__Activity__
Would you please repeat, word for word, only the lines from the one holding "adjust his schedule." through the one holding "- Multi-Functional Workout" in the material below, without the pictures?

(Data provided)

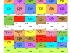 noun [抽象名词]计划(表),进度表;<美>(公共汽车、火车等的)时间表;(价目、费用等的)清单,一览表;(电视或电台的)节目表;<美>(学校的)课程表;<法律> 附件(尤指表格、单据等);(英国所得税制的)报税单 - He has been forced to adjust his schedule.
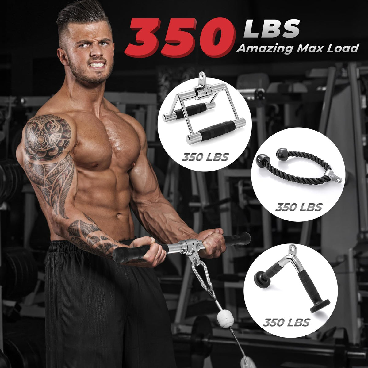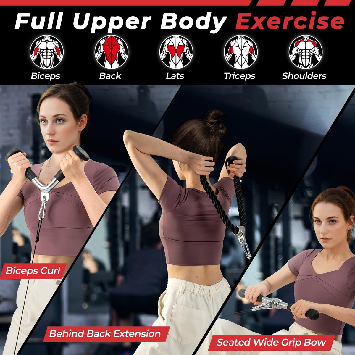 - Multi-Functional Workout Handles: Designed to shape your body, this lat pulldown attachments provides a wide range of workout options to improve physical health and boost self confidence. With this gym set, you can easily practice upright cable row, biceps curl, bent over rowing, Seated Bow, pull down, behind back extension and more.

(End Data provided)
(Data provided)

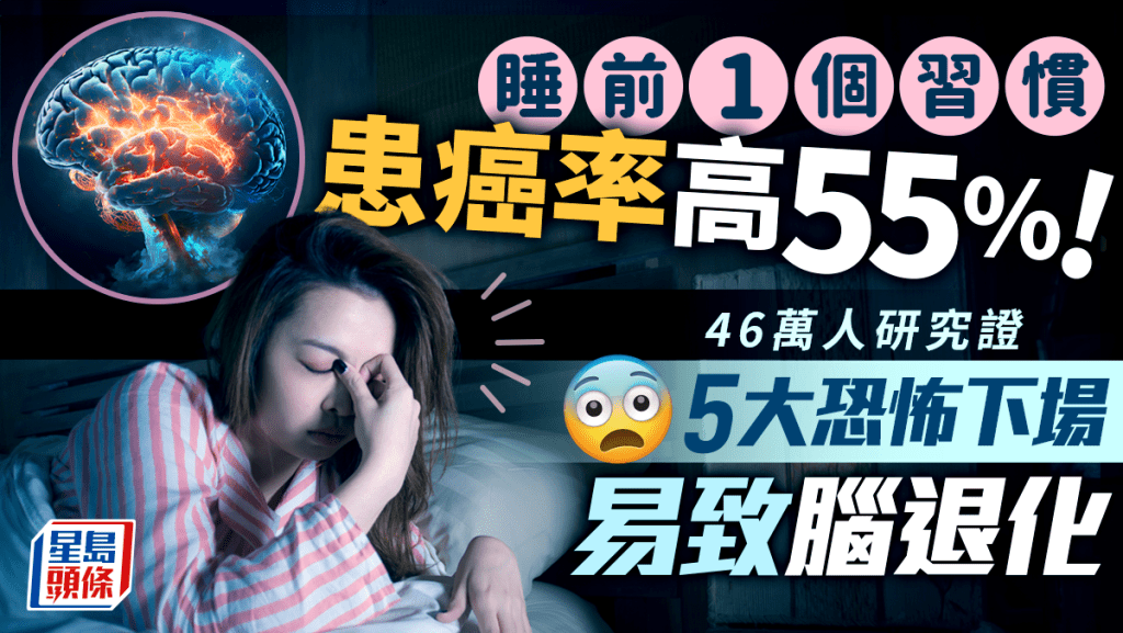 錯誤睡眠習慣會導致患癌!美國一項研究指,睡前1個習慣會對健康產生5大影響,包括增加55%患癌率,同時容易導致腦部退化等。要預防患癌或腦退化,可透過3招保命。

(End Data provided)

__Finished task__
 noun [抽象名词]计划(表),进度表;<美>(公共汽车、火车等的)时间表;(价目、费用等的)清单,一览表;(电视或电台的)节目表;<美>(学校的)课程表;<法律> 附件(尤指表格、单据等);(英国所得税制的)报税单 - He has been forced to adjust his schedule.
 - Multi-Functional Workout Handles: Designed to shape your body, this lat pulldown attachments provides a wide range of workout options to improve physical health and boost self confidence. With this gym set, you can easily practice upright cable row, biceps curl, bent over rowing, Seated Bow, pull down, behind back extension and more.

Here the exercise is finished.